Artificial corneas (keratoprostheses) and biosynthetic collagen-based corneal equivalents are surgical implants designed to ease the global burden of corneal blindness. However, keratoprostheses in many cases fail due to development of fibrous retro-corneal membranes (RCM). Fibrous membranes which develop in the anterior chamber after prosthesis implantation do so on a matrix of fibrin. This study investigated fibrin deposition and RCM formation after full-thickness collagen-based hydrogel implants and compared them with syngeneic and allogeneic corneal grafts in mice. Fibrin cleared from the anterior chamber within 14 days in both allo- and syn-grafts but, persisted in hydrogel implants and developed into dense retro-corneal membrane (RCM) which were heavily infiltrated by activated myofibroblasts.

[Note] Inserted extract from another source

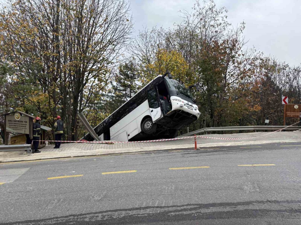 Kocaeli’nin Kartepe ilçesinde meydana gelen olayda, park halindeki bir tur otobüsü hareket ederek bariyeri aşıp şarampole yuvarlandı. Facianın eşiğinden dönüldüğü kazada can kaybı ya da yaralanan olmadı.
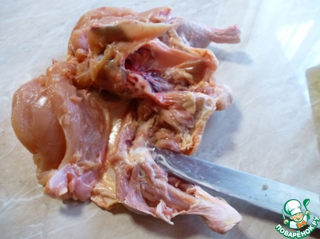 На ножках сделать разрезы, как показано у меня на фотографии и удалить кости. Тоже самое проделать с крыльями. Потом осторожно снять весь скелет с курицы. Не бойтесь, это не займет много времени, у меня ушло минут 8 с отвлечением на пошаговые фотографии.

In contrast, the number of CD11b(+) macrophages infiltrating the initial deposition of fibrin in the anterior chamber (AC) after hydrogel implantation was markedly reduced compared to syn- and allo-grafts. Inoculation of mesenchymal stem cells prior to collagen gel implant promoted clearance of gel-associated fibrin from the anterior chamber. We propose that a failure of macrophage-mediated clearance of fibrin may be the cause of RCM formation after collagen-based hydrogel implants and that mesenchymal stem cell therapy promotes clearance of fibrin and prevents RCM formation.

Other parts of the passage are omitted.